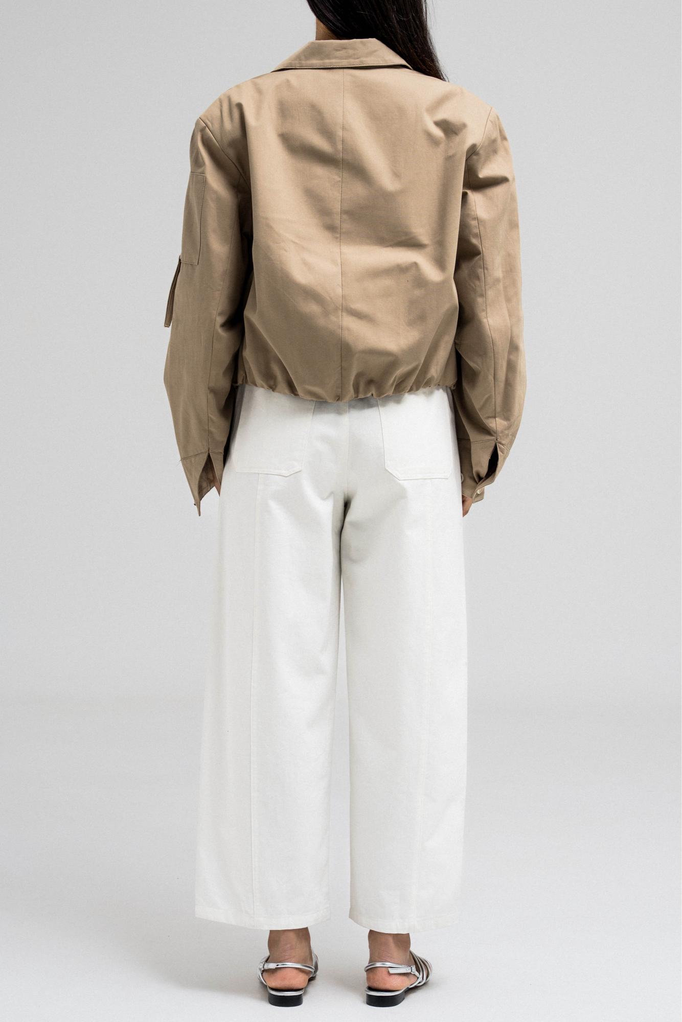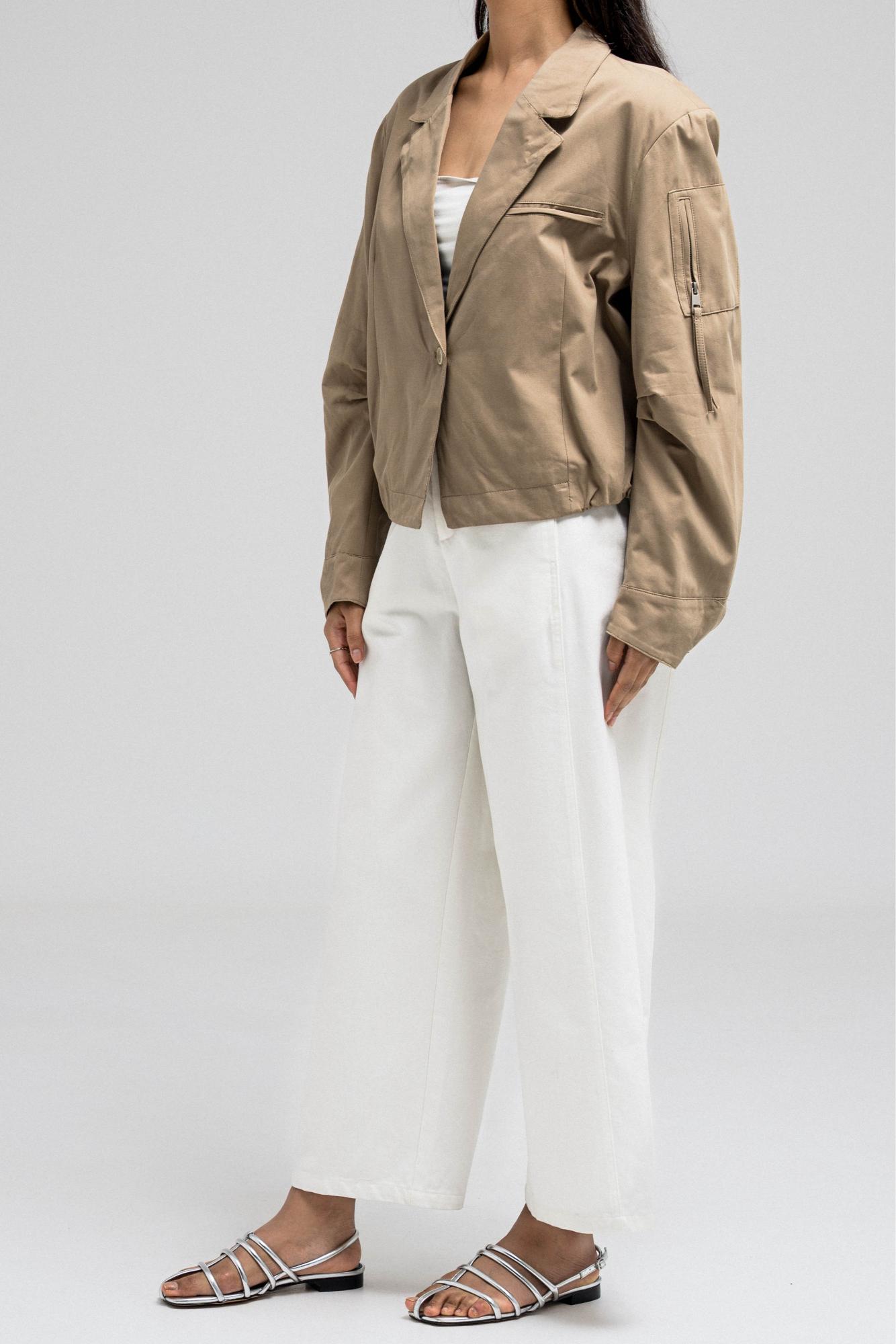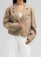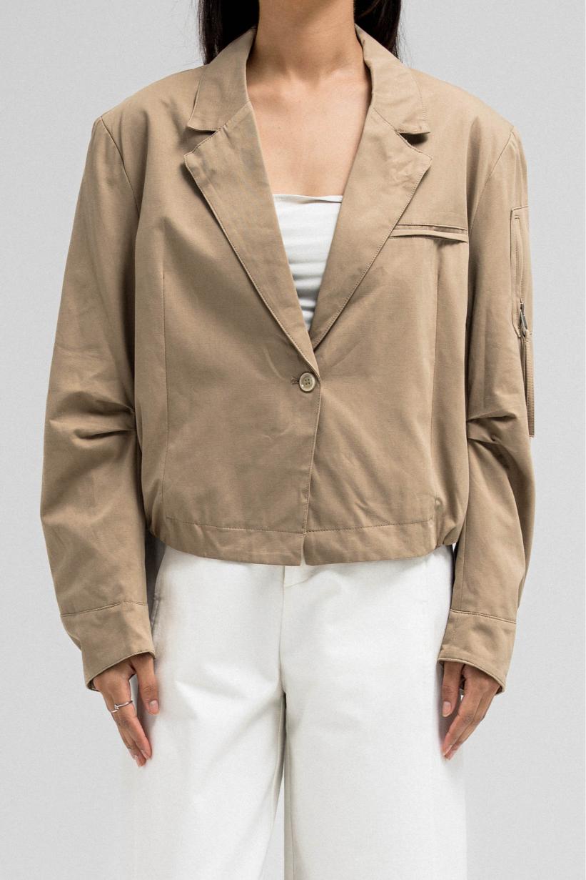 Cropped jacket combines the structure of a blazer with the ease of a bomber. It features a classic blazer-style collar and a single front button closure. The back showcases an elastic waistband for a comfortable, cinched fit. A standout detail is the zippered pocket on the sleeve, adding a modern touch. Perfect for layering with both casual and smart looks.
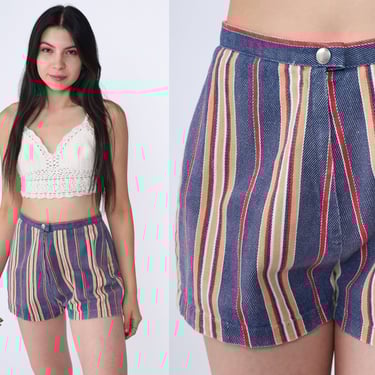 Vintage 60 s Red White Blue Striped Shorts Cotton High Waisted Bottle of Bread Baltimore MD Very well made.
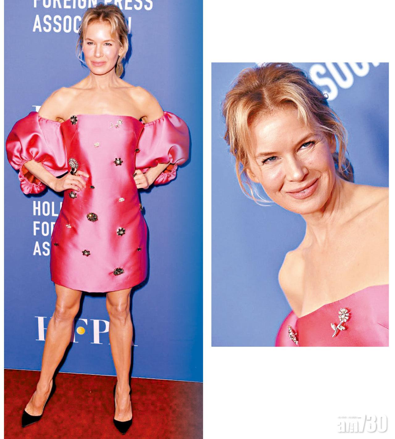減肥是女士畢生追求的事業,但太瘦易顯老,好像當年憑《BJ單身日記》甜美形象走紅的女主角雲妮絲惠嘉(Renee Zellweger),日前出席公開活動時,纖瘦身材加上年逾半百,就顯得又老又乾,比真實年齡老了一截。好在她揀選Lela Rose 2020早春系列露膊party dress,嬌柔的粉紅散發亮麗迷人姿態,挽回不少分數。(互聯網)
===
## WORK REQUIRED
The required output consists only of the lines from the one containing "Vintage 60 s" to the last line of the material, reproduced exactly, pictures excluded.

## PROBLEM SOLUTION
 Vintage 60 s Red White Blue Striped Shorts Cotton High Waisted Bottle of Bread Baltimore MD Very well made.
減肥是女士畢生追求的事業,但太瘦易顯老,好像當年憑《BJ單身日記》甜美形象走紅的女主角雲妮絲惠嘉(Renee Zellweger),日前出席公開活動時,纖瘦身材加上年逾半百,就顯得又老又乾,比真實年齡老了一截。好在她揀選Lela Rose 2020早春系列露膊party dress,嬌柔的粉紅散發亮麗迷人姿態,挽回不少分數。(互聯網)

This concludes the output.